### Exercise requirements:
Exclude the images and transcribe the entries below precisely.

### Records:
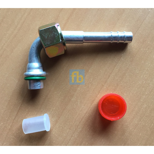 **Технічний опис:** *Фітінг Алюмінієвий кутовий 90° №6 гайка 3/4* Фітінг Алюмінієвий кутовий 90° №6 з гайкою 3/4 призначений для підключення кондиціонерних шлангів з внутрішнім діаметром 8 мм. Різьблення гайки відповідає стандарту 3/4-16UNF. Цей фітінг ідеально підходить для систем автомобільних к...
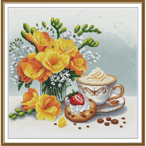 Cosmo Morning Glory and Green Maple Seasonal Flower Arrangement Cross Stitch Kit. This cross stitch kit comes with everything you need to make the beautiful seasonal floral project. August: Morning Glory and Green Maple. Kit Includes: COSMO Embroidery Floss (100 percent cotton), 1m each, COSMO Embroidery Cloth (100 percent cotton), Embroidery Needle, Rectangle Wooden Frame 7.5 inches x 6.25 inches, Instruction Manual with Design Chart. Frame Size: Approximately 7-1/2 inches tall x 6-1/4 inches wide. Difficulty Level: Intermediate. No. 592308. CHK-592308
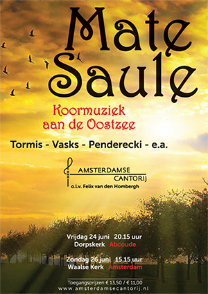 Home – Amsterdamse Cantorij – Kamerkoor in Amsterdam » Mate Saule juni 2016 Posted april 6, 2016 by admin.
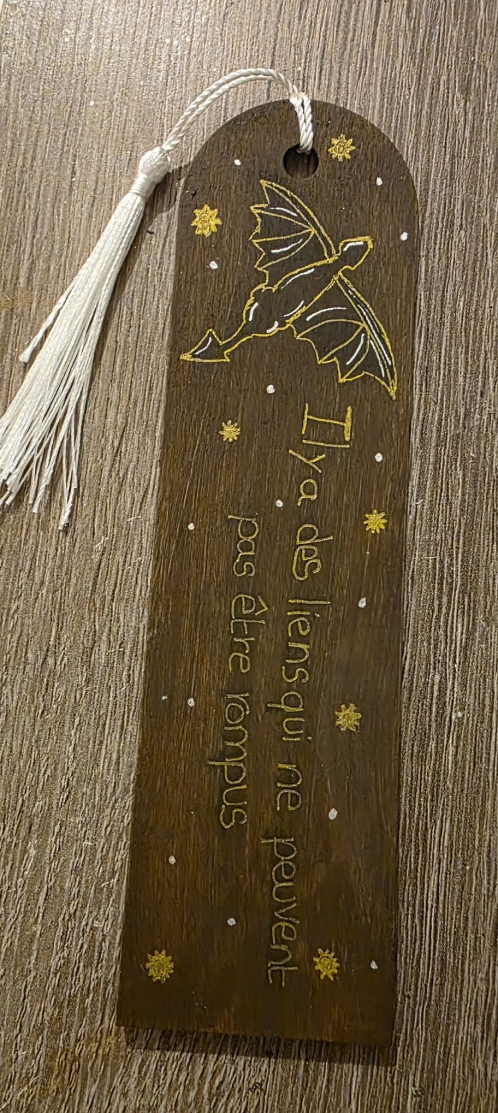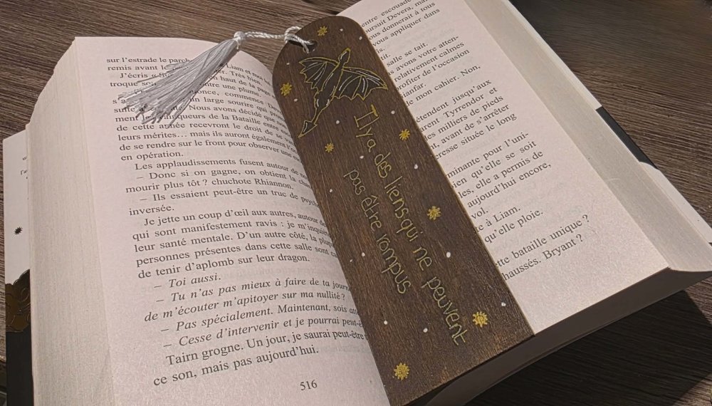 Un marque-page en bois fantasy inspiré du livre Fourth Wings
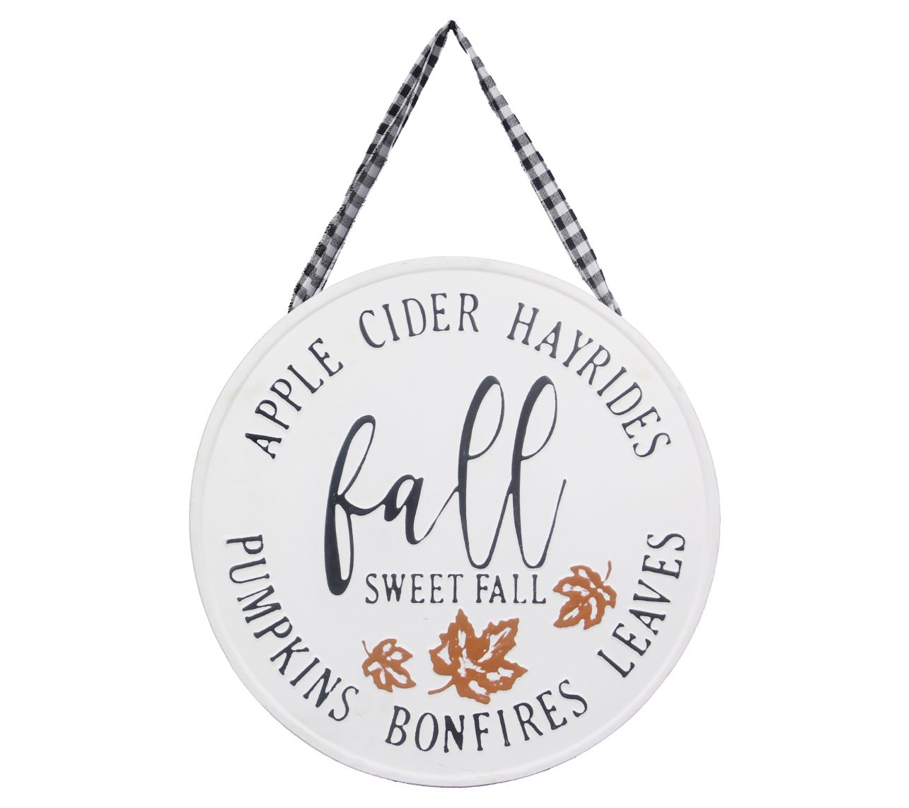 Celebrate the wonders of fall with this set of two metal wall signs, showcasing farmhouse-chic checkered ribbons, bright autumn accents, and uplifting messaging. From Young's Inc.
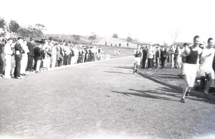 Negative of an outdoor track of cross country race. Three blurry racers are running on a dirt track between two crowds of spectators standing on the sidelines. Most likely taken by Mary Ives Baldwin. This item is not fully cataloged but has been uploaded so the image is publicly available; if you would like us to prioritize cataloging this item, please contact the HSL Collections team.
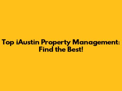 Hey guys! Are you looking for the best property management in iAustin? You've landed in the right spot! Finding a reliable and efficient property management team can be a game-changer, whether you're a seasoned investor or a first-time landlord. Let's dive into what makes iAustin a hot market and how to snag the perfect property management fit for your needs.
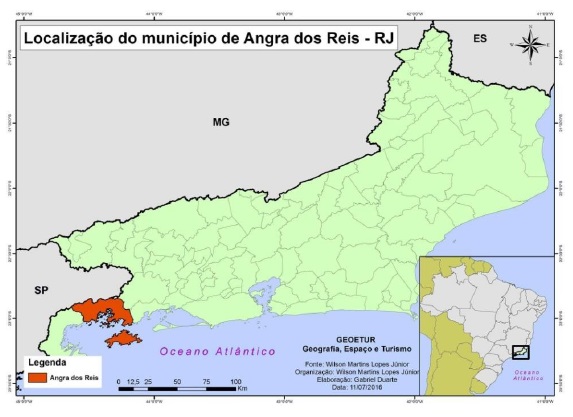 Angra dos Reis localiza-se no sul do Estado do Rio de Janeiro, a 157 km da capital Rio de Janeiro (Fig.1). É um município conhecido pelo turismo, mas que também concentra atividades importantes tais como a portuária, petrolífera [nos setores de armazenamento e de transporte], produção naval, pesca, e energia [usinas nucleares]. A sua população é de 169.511 habitantes, representando 1% da população de 15.989.929 de habitantes totais no Estado (IBGE, 2010). Seus sítios urbanos, por sua vez, descentralizados e distribuídos em diferentes bairros e distritos são distantes uns dos outros e localizados ao longo da BR 101, estando situados entre a Serra do Mar e o oceano Atlântico.

### Expected answer:
 **Технічний опис:** *Фітінг Алюмінієвий кутовий 90° №6 гайка 3/4* Фітінг Алюмінієвий кутовий 90° №6 з гайкою 3/4 призначений для підключення кондиціонерних шлангів з внутрішнім діаметром 8 мм. Різьблення гайки відповідає стандарту 3/4-16UNF. Цей фітінг ідеально підходить для систем автомобільних к...
 Cosmo Morning Glory and Green Maple Seasonal Flower Arrangement Cross Stitch Kit. This cross stitch kit comes with everything you need to make the beautiful seasonal floral project. August: Morning Glory and Green Maple. Kit Includes: COSMO Embroidery Floss (100 percent cotton), 1m each, COSMO Embroidery Cloth (100 percent cotton), Embroidery Needle, Rectangle Wooden Frame 7.5 inches x 6.25 inches, Instruction Manual with Design Chart. Frame Size: Approximately 7-1/2 inches tall x 6-1/4 inches wide. Difficulty Level: Intermediate. No. 592308. CHK-592308
 Home – Amsterdamse Cantorij – Kamerkoor in Amsterdam » Mate Saule juni 2016 Posted april 6, 2016 by admin.
 Un marque-page en bois fantasy inspiré du livre Fourth Wings
 Celebrate the wonders of fall with this set of two metal wall signs, showcasing farmhouse-chic checkered ribbons, bright autumn accents, and uplifting messaging. From Young's Inc.
 Negative of an outdoor track of cross country race. Three blurry racers are running on a dirt track between two crowds of spectators standing on the sidelines. Most likely taken by Mary Ives Baldwin. This item is not fully cataloged but has been uploaded so the image is publicly available; if you would like us to prioritize cataloging this item, please contact the HSL Collections team.
 Hey guys! Are you looking for the best property management in iAustin? You've landed in the right spot! Finding a reliable and efficient property management team can be a game-changer, whether you're a seasoned investor or a first-time landlord. Let's dive into what makes iAustin a hot market and how to snag the perfect property management fit for your needs.
 Angra dos Reis localiza-se no sul do Estado do Rio de Janeiro, a 157 km da capital Rio de Janeiro (Fig.1). É um município conhecido pelo turismo, mas que também concentra atividades importantes tais como a portuária, petrolífera [nos setores de armazenamento e de transporte], produção naval, pesca, e energia [usinas nucleares]. A sua população é de 169.511 habitantes, representando 1% da população de 15.989.929 de habitantes totais no Estado (IBGE, 2010). Seus sítios urbanos, por sua vez, descentralizados e distribuídos em diferentes bairros e distritos são distantes uns dos outros e localizados ao longo da BR 101, estando situados entre a Serra do Mar e o oceano Atlântico.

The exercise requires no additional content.